Wilmington home builder Mark Johnson Custom Homes would like to share an interesting article, courtesy of environmentalleader.com, about the Empire State Building being awarded LEED Gold Certification. LEED (Leadership in Energy and Environmental Design) is an internationally-recognized green building certification system that was developed by the U.S. Green Building Council in March 2000. LEED provides building owners and operators with a framework for identifying and implementing practical and measurable green building design, construction, operations and maintenance solutions.

The Empire State Building has been awarded LEED Gold for Existing Buildings certification.

It is the tallest and almost certainly the best-known building in the U.S. to receive the award, according to Jones Lang LaSalle, the company that managed the retrofit.

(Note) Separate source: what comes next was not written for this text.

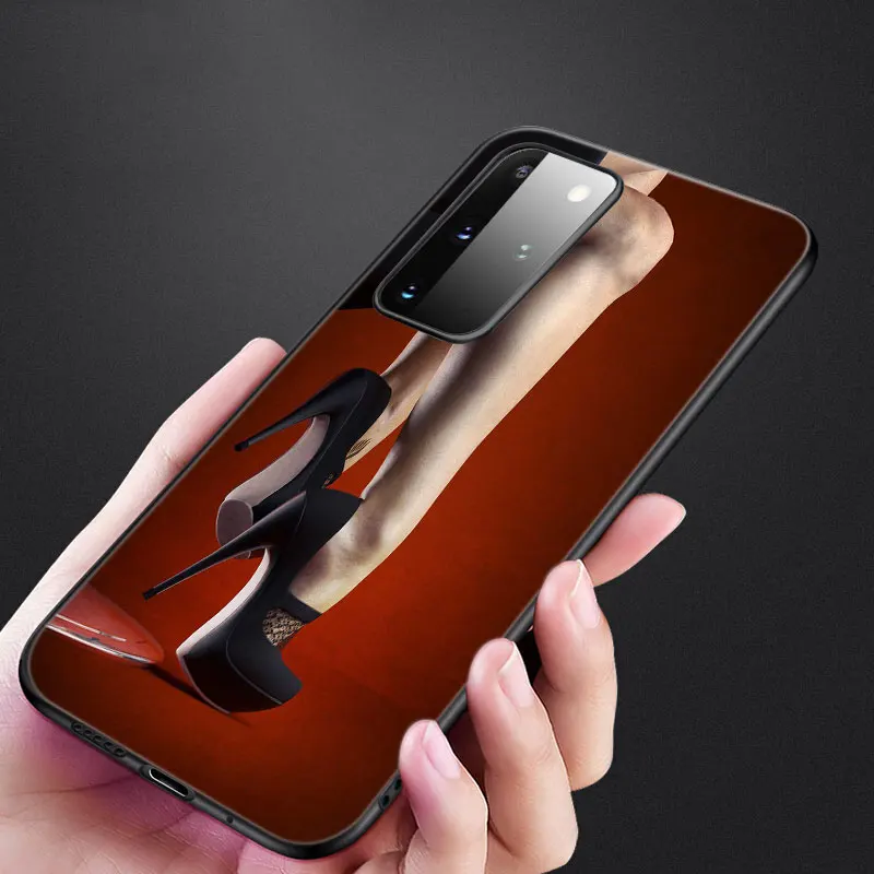 Сексуальный силиконовый чехол на высоком каблуке для Samsung Galaxy S22 Pro S21 S20 FE Ultra S10 Lite S8 S9 S10E S10 Plus, мягкий черный чехол из ТПУ

Johnson Controls and Jones Lang LaSalle conducted the retrofit, and say the $20 million project is guaranteed to reduce the building’s energy consumption by more than 38 percent and should save $4.4 million in energy costs annually. The improvements also reduce carbon emissions by an estimated 105,000 metric tons over 15 years.

In January 2011, the Empire State Building Company agreed to buy wind-based carbon offsets totaling 55 million kWh per year from Green Mountain Energy, making the Empire State Building carbon-neutral.

In March, the window technology used in the retrofitting of the building went on sale for commercial use. The iWindow is a thin material frame which is installed on the inside of existing windows. This then improves the thermal performance of single pane aluminum systems.